I called that back in June. Freaking June? Okay, I know I keep harping on this, but this show is on way too long. If you desperately want to show 20 episodes of this thing, next time start it the second week of July and let it go four nights a week for five weeks. Momentum is key, and by last night, the drama was long over and my heart just wasn't it. The only time I felt anything at all was when I was irritated by the judges discussing each course. It was extremely annoying to me that Gordon and Graham were talking about Josh's undercooked lobster as though professional presentation and ambition were somehow substitutes for having food that was cooked all the way. Seriously? Jeez, guys, have you ever heard that phrase about polishing a turd? Yeah, because if I'm going to buy a cookbook, the first thing I worry about is whether the food is presented well and ambitious. Actual taste is a tertiary concern at best. Flavor? Bah, don't be so pedantic!
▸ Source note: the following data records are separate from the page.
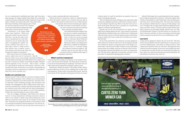 Exmark was not the only manufacturer we spoke with that talked about helping dealers become “ omni-channel ” businesses . “ Kubota dealers sell parts online , yes ,” said Don Lowe . “ Implements will be the next move for us . But we ’ re going to take our time before we get to vehicles . We want to make sure our dealers are comfortable with this .”
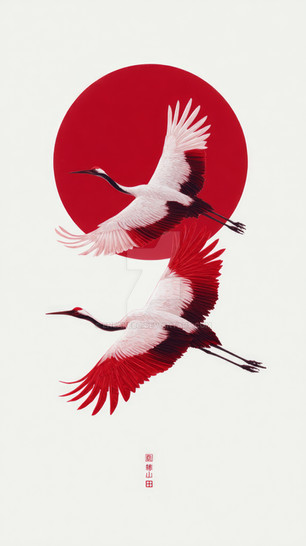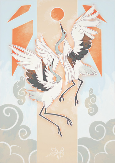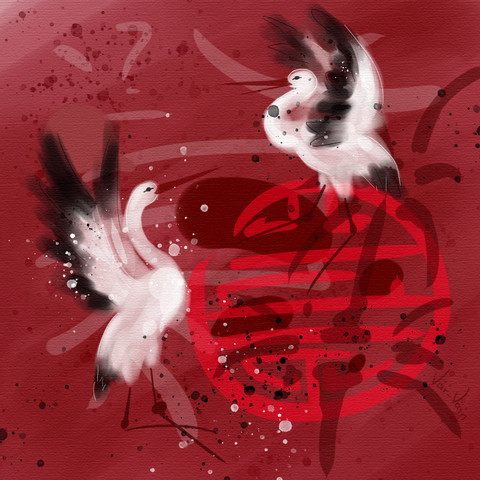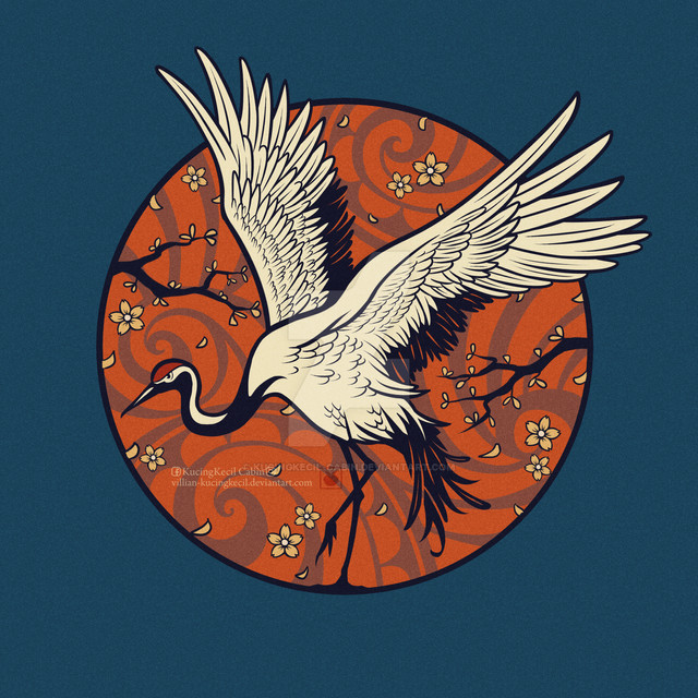 Pen and ink on paper, color in post. Tattoo design. Simplified the crane to keep the design clean. Tattoo series one of three. I saw this mentioned on another site as Ying Yang art, which is a great compliment. It wasn't intentionally created to represent the Ying Yang, but I like that it speaks that balance to someone.
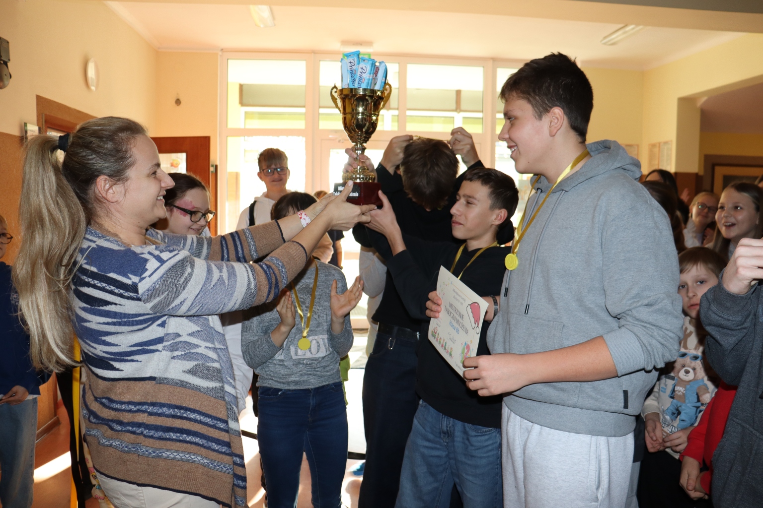 W naszej szkole 3 grudnia 2025 zorganizowano również poranną grę terenową z zagadkami, rebusami, łamigłówkami różnego typu dla wszystkich chętnych uczniów. Mistrzynią porannych rozgrywek została Zuzanna Nowak z klasy 4a. Wyróżnienie przyznano Mii Chwałek, Emilii Posmyk, Karolinie Tatara, Julii Lakomek, Michałowi Wesołemu oraz Zuzannie Zielińskiej.
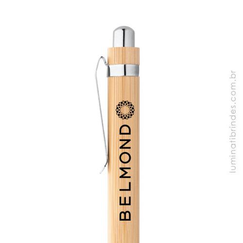 Caneta Green Bambu Personalizadacom ponta esferográfica e carga para uma escrita macia e firme com mais de um quilómetro. Confeccionada em bambu, com botão e clip em metal reciclável para prender onde quiser. Pode ser personalizada a laser ou tampografia. Surpreenda a sua equipe com esta caneta ecológica da Brindes Design.
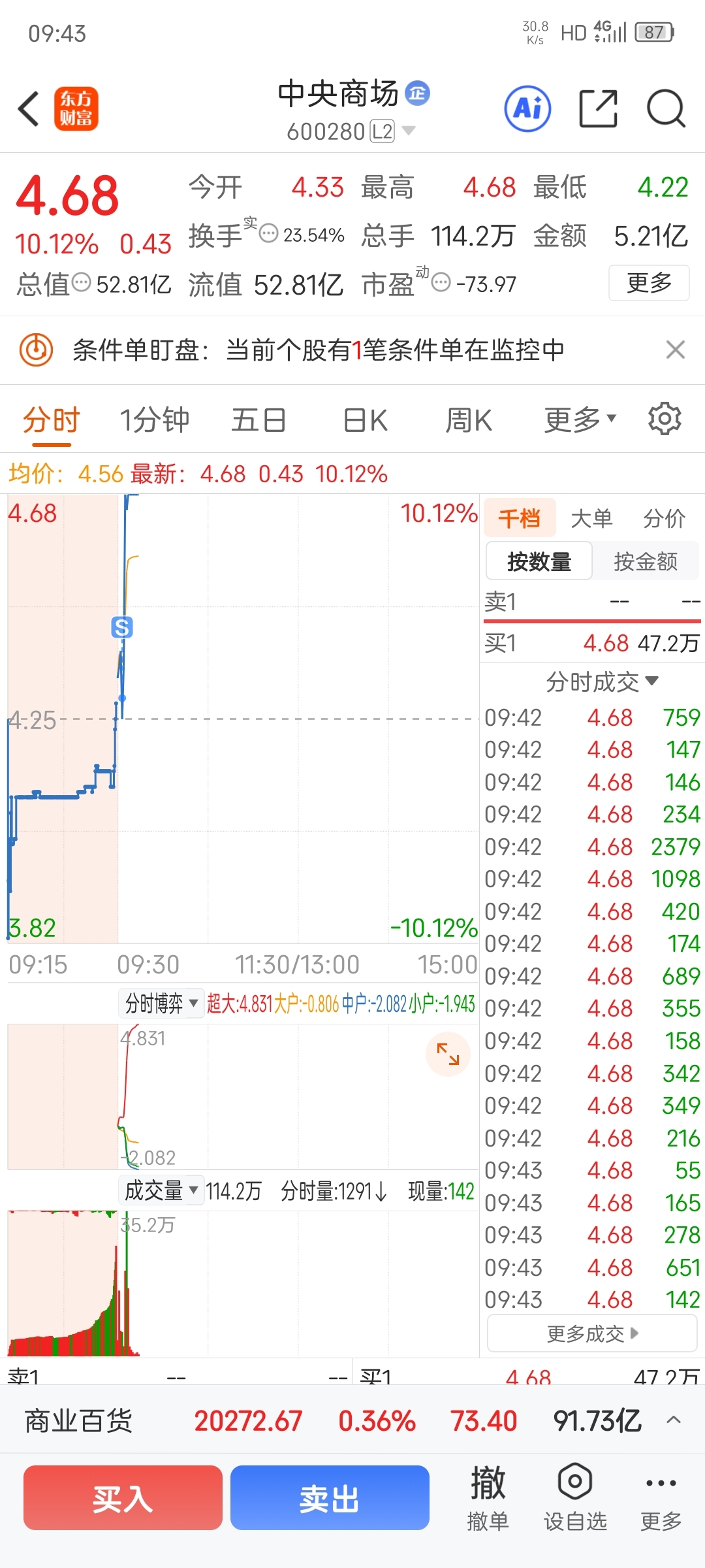 $中央商场(SH600280)$ 格局小了,欲哭无泪
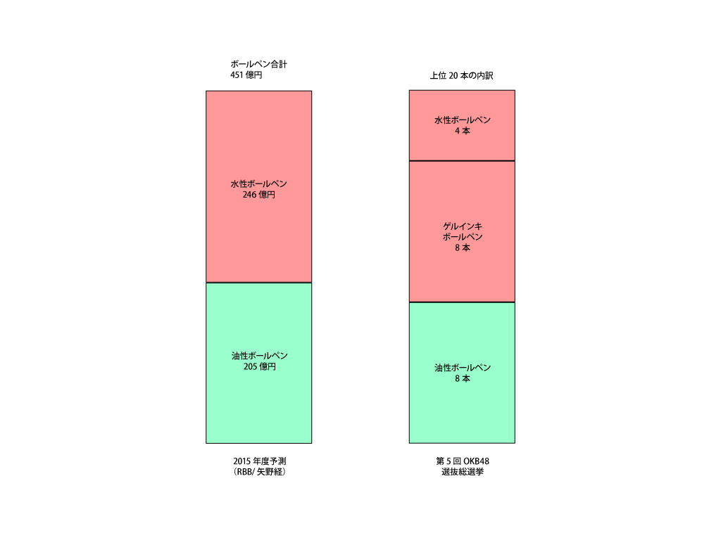 体感的にはRBBの作った「やや油性ボールペンが多い状況」のほうがしっくりくる部分もあるのですが、消費者の視点で観るとOKB48の結果も妥当かなあ、と思えてきます。
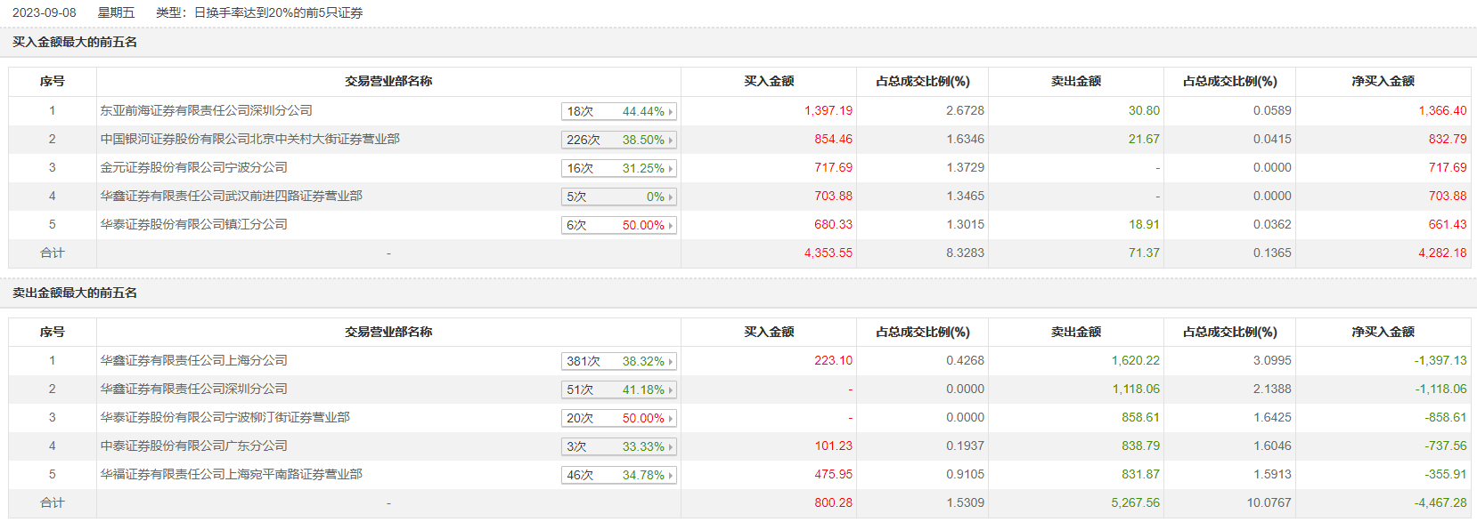 具体来看,东亚前海证券深圳分公司、中国银河证券北京中关村大街证券营业部分别买入1397.19万元、854.46万元;华鑫证券上海分公司、华鑫证券深圳分公司分别卖出1620.22万元、1118.06万元。

Anyway, the winner seemed pretty predetermined, and good for Christine, even though I never totally warmed up to her. Joe's been obsessed with her blindness since day one, and last night I felt like he was stopping just short of asking her if she ever could sense when the lights were off and how she actually managed to handle herself in bathrooms. It was hard to get to know her as a person and as a talented chef when the show kept reinforcing that we weren't watching a person, we were watching a blind person who was a symbol of overcoming a handicap. I got so sick of MasterChef insisting on what Christine symbolized. I would've liked to have gotten to relate to her as a person with talent, not a blind person with talent which is amazing because she's also blind.
Anyway, I'll have forgotten all about this show in a couple of weeks, except for my pleasant memories of Monti Carlo, and then we'll just do it again next year and it'll go on far too long again.
:: I think the right person won Hell's Kitchen, I guess. I didn't really care about Christina winning so much as I just didn't want Justin to win because his whole "Fight for me because I deserve to win" attitude was very grating. And hey, we got to see Royce in action again. Royce never seems to know where he is or what's going on; he's like a seagull with a head injury, wandering around in a daze and making the occasional squawky noise. Rehab, dude.
Only observation that mattered for me last night: Christina's partner is extremely hot.
Until next year, I guess.
If that all seemed like afterthoughts, well, so did both finales. Seriously, it's almost Halloween, who gives a shit anymore? You've worn out your welcomes.